Apps & Software

How to Keep Candy Crush From Ending Up in the FarmVille Dumps


Riccardo Zacconi, CEO and co-founder of King.com

Photograph by Susannah Ireland/eyevine via Redux

Riccardo Zacconi, CEO and co-founder of King.com

King, the maker of Candy Crush Saga, became the next Zynga (ZNGA) by making bafflingly popular games that everyone, including your mom, can’t stop playing. With its filing for an initial public offering, King will get the chance to prove its not the next Zynga to flail its way to irrelevance while falling on its face before investors.

The confidential IPO filing would value King at about $5 billion, according to a report in the Telegraph, though a representative for the company declined to comment. Using a newly created confidential route toward an IPO, which is popular among smaller companies, means King can keep its numbers close to the vest for a while longer.

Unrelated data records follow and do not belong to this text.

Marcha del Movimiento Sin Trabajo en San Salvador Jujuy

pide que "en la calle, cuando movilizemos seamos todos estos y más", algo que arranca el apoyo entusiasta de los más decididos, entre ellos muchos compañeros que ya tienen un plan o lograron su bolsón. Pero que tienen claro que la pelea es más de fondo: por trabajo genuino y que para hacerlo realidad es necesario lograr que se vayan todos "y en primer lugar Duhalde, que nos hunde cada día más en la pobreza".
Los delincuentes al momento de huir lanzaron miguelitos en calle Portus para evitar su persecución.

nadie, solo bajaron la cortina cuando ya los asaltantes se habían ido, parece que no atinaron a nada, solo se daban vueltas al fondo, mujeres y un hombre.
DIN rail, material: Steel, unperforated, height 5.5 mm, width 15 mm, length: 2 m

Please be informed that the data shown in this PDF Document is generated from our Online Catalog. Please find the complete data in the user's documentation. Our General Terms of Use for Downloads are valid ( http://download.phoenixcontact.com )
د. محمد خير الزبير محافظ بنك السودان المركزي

From the information made public so far, there’s almost no way to overstate how hard King is killing it. The game maker is held up as the most prominent example of the best business model for gaming: persuading people to pay for help beating levels rather than asking for payment before playing at all. The company is believed to be profitable, largely on the success of Candy Crush Saga, which is far and away the most popular Facebook (FB) app. The game has 10 times as many active monthly users as the second most popular Facebook app, stands as the top-grossing mobile app in both the Apple (AAPL) and Google (GOOG) stores, and if you’re standing in a line right now there’s a very good chance someone standing near you is playing it. Think Gaming, a consulting group, estimates that Candy Crush Saga alone brings in $850,000 daily—or $310 million a year—for King. And this is to say nothing of Pet Rescue Saga, which is also one of the top 10 grossing games on Apple’s iOS.

But past performance is not an indicator of future results, as they say, and skeptics aren’t going to forget Zynga. In the months before the FarmVille maker’s IPO, the company was sitting on top of the social gaming world and reporting profits all the while. We all know what happened next. Today, Zynga is worth about a third of what it was when it went public. How can King avoid going down the same path?

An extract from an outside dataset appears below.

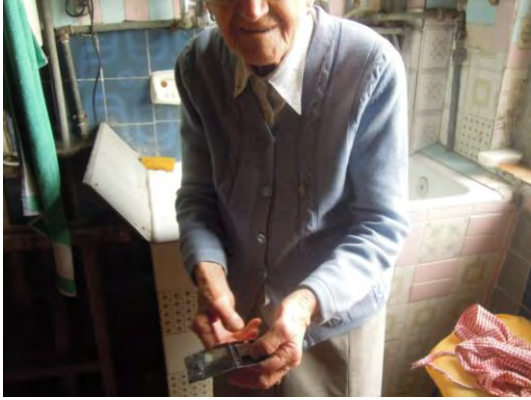
Fig. 18 La segnatrice mostra degli spilli, con i quali fin da ragazza ha imparato, dal nonno, a segnare gli eczemi

Go where the players are: There were plenty of problems at Zynga, but at the top of the list was its inability to become more than a Facebook sensation. This left the door open for new competitors—like King—to move into mobile, and that ended up being exactly where casual gaming was headed next. King seems prepared. The company started off in 2003 making games for it own website before quickly adapting to new platforms. Unlike Zynga, it has succeeded in getting its social and mobile platforms to feed off one another. Games of Candy Crush Saga, for instance, can start on a smartphone before moving to a Web browser.

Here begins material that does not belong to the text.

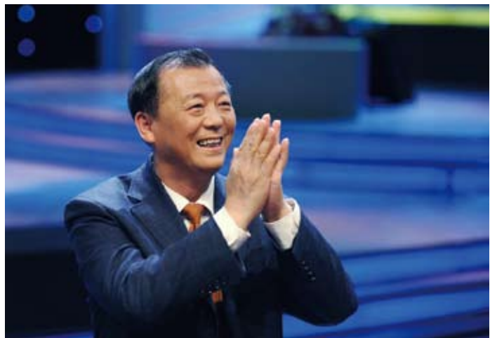
2009年2月14日,“2008经济生活大调查”发布仪式在中央电视台进行录制,国家统计局总经济师姚景源在节目中表示:“我觉得2009年我们中国经济达到或者超过8%是有很困难,不是一般的困难。”

面对国内严重的自然灾害以及国际经济形势的不利影响,2008年国民经济和社会发展的情况如何?已实施两年多的“十一五”规划纲要确定的各项指标是否执行的良好?根据监督计划的安排,十一届全国人大常委会分别在2008年的8月和12月听取了国务院关于2008年以来国民经济和社会发展计划执行情况的报告和国务院关于“十一五”规划纲要实施中期情况的报告,把脉宏观经济的运行情况。

Stay lean: Zynga grew quickly, and not only in terms of users. In the three years before the company went public it more than quadrupled the number of people it employed. Earlier this year, when King surpassed Zynga as the largest social gaming company, it said it had about 400 employees—while Zynga’s head count at the time had bloated to 2,900.

Keep making hits: This is the hardest part—the mobile games that ultimately catch on are more than a little random. When Zynga started fading it resorted to buying other developers that were making hits. King, however, has an extended farm league. The company tests out many titles on its own website before picking those that look likely to succeed and putting its weight behind them. People within the gaming industry compliment the company’s ability to kill off what isn’t working.

But can King keep finding big payoffs on a few big bets that do catch on? That’s the game.

Brustein is a writer for Businessweek.com in New York.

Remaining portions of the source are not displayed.